After locating the line that holds "It can be observed", copy that line and all that follow it word for word through the end of the data, with no pictures.
--- DATA EXTRACT Enclosed Below ---
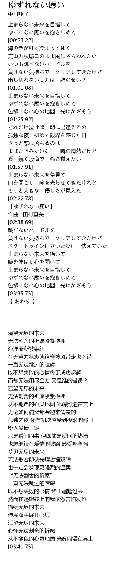 | [03:17.38] | ゆずれない願いを抱きしめて |
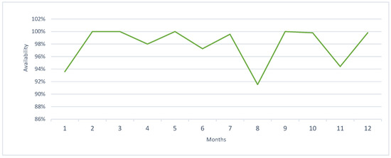 It can be observed that the substation with the lowest availability value is Substation 3. Figure 4 illustrates the availability performance of pumping substation #3. In Figure 5, the Jackknife [30] diagram is presented, showing the reliability and maintainability behavior of all pumps within substation 3.
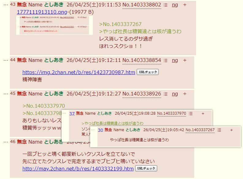 | … | 58無念Nameとしあき26/04/25(土)19:20:17No.1403340910+>また存在しないレス引用してるwww |
--- End of Enclosed DATA EXTRACT ---
§ THE ANSWER:
 It can be observed that the substation with the lowest availability value is Substation 3. Figure 4 illustrates the availability performance of pumping substation #3. In Figure 5, the Jackknife [30] diagram is presented, showing the reliability and maintainability behavior of all pumps within substation 3.
 | … | 58無念Nameとしあき26/04/25(土)19:20:17No.1403340910+>また存在しないレス引用してるwww |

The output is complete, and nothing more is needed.